BF.7 has been detected in the US, UK and in several countries in Europe including Belgium, Germany, France and Denmark. BF.7 was first detected in India by the Gujarat Biotechnology Research Centre (GBRC), Gandhinagar. So far two cases have been detected in Gujarat and one in Odisha.

The WHO opines that the extent to which the enhanced immune escape properties of the newly emergent Omicron descendent variants can lead to new waves is likely to depend on the “regional immune landscape, the size and timing of previous Omicron waves, and the Covid-19 vaccination coverage”. For India, these conditions seem to be favourable at this point in time. The lack of widespread uptake of booster doses remains a matter of concern for those individuals who may be vulnerable on account of age or other comorbidities. While some have called for travel-related restrictions, these are of little practical and epidemiological relevance.

As the central government continues to lead the Covid-19 response at the national level, district and municipal level surveillance shall be crucial in picking up the red flags. This makes preparedness and operational readiness at the local levels critical in the next few weeks.

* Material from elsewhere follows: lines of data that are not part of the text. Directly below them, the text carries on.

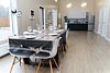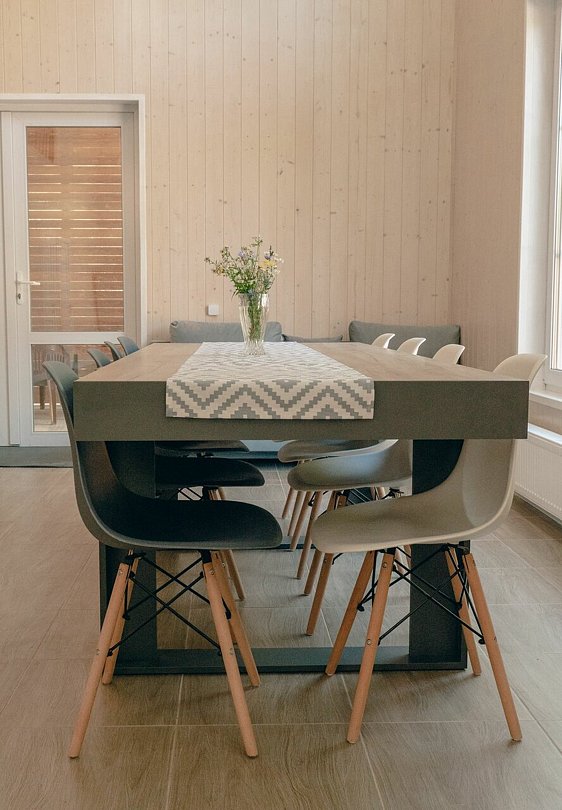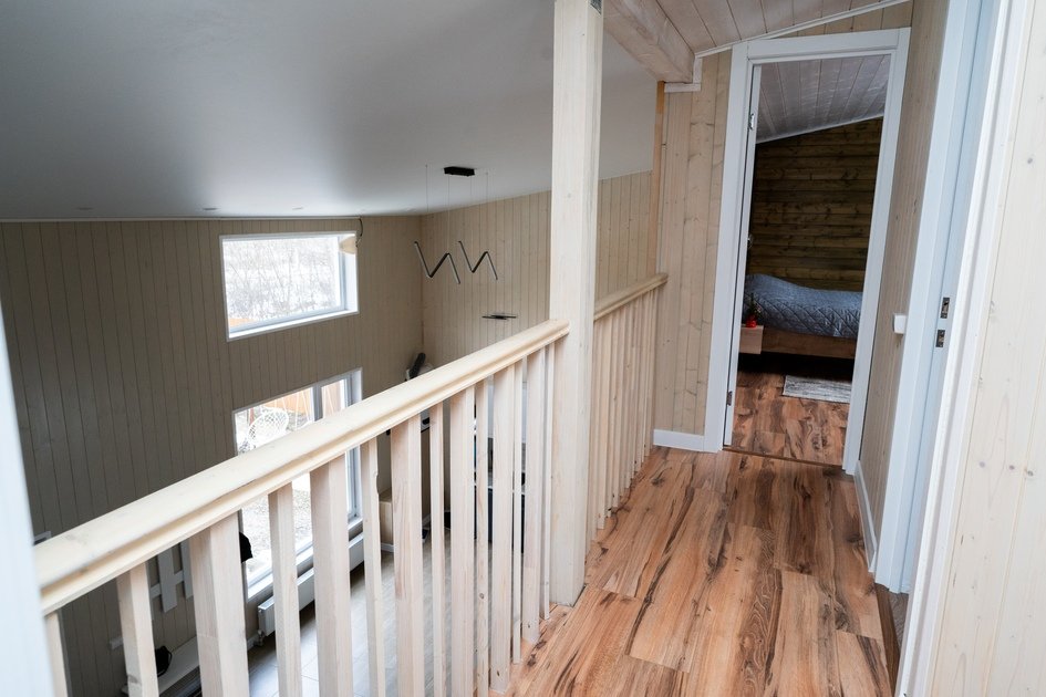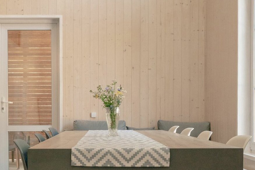 Дом подходит для комфортного отдыха восьми человек (максимально с дополнительным местом десяти человек). В доме два санузла, три изолированные спальни и просторная кухня-гостиная. Кухня оборудована: холодильник, варочная поверхность, СВЧ печь, чайник, посудомоечная машина, посуда, кулер с питьевой водой.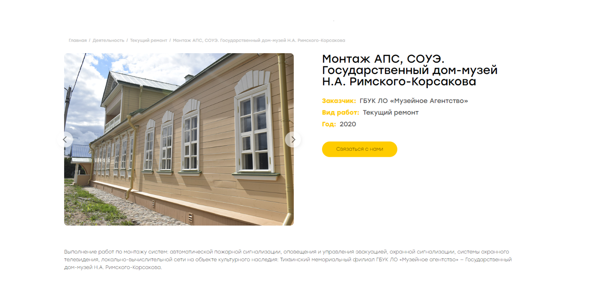 Мы наполнили страницы сайта примерами работ компании. Каждый кейс сопровождался кратким описанием и фото.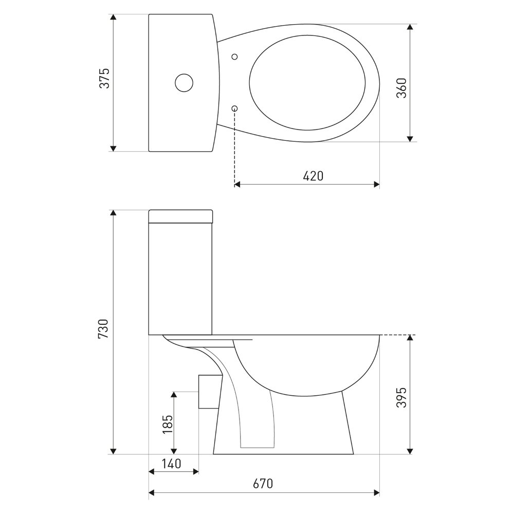 Stojací WC kompakt s bezokrajovou vírovou splachovacou technológiou, dvojitým splachovaním 3/6 l a sedátkom s tichým zatváraním.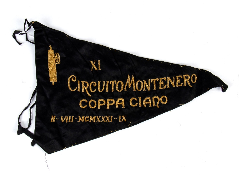 Bandierina da madrina di corsa automobilistica (Coppa Ciano, circuito Montenero). In seta e ricami in canottiglia dorato. Ottimo stato.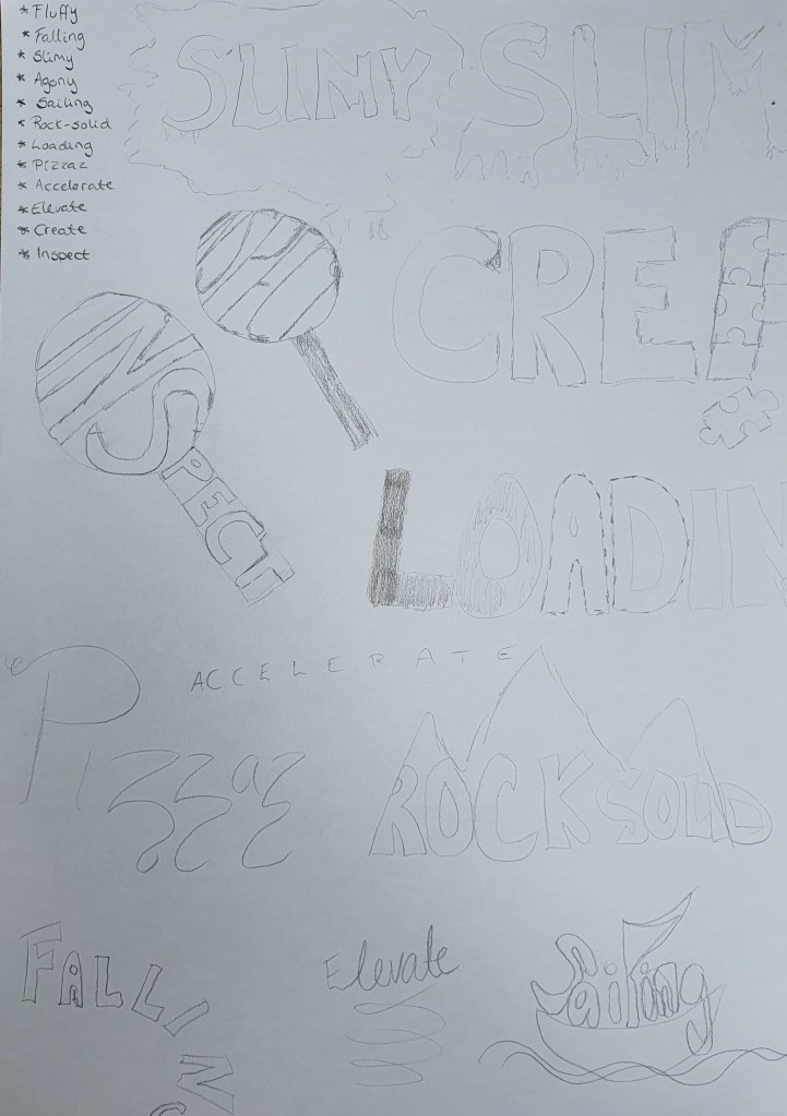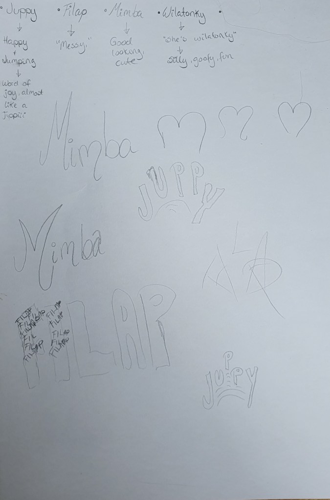 After sketching and thinking on the different ideas, I chose Mimba from my new words.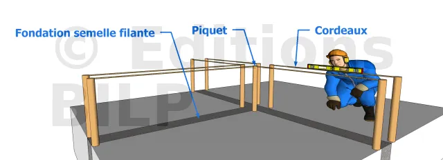 - On pose les parpaings extrêmes pour servir de référence et pour guider le cordeau. Il faut qu’ils soient bien aplomb et à niveau. Ensuite, on plante les piquets sur les angles et en intermédiaire si la distance couverte est trop grande.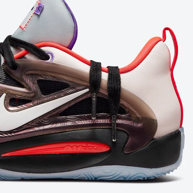 La tige en mesh noir et superposée de touches en violet, orange et blanc cassé. Les parties latérales en TPU ressortent dans un noir transparent, avec un « Swoosh » blanc. Comme sur chaque modèle, l’intérieur de la languette contient un message propre à la paire « Charles Douthit » en l’occurrence. La semelle intermédiaire noire et la semelle extérieure en bleu glacé complètent l’ensemble.

The current phase of the pandemic has come at a time when India has taken up the G20 presidency. As we know, health systems are going through the processes of recovery, reformation, and rejuvenation and all countries are recalibrating to build resilience into their health services to be able to effectively and respond efficiently to health emergencies. Despite immense challenges, India has responded reasonably well through the last three years including in building up capacities of medical countermeasures — through diagnostics, pharmaceuticals and vaccines — as well as digital innovations. Several G20 members are witnessing this surge. This could be the India moment to demonstrate both effective responses as well as establish greater collaboration among member states through a coordinated and shared response framework.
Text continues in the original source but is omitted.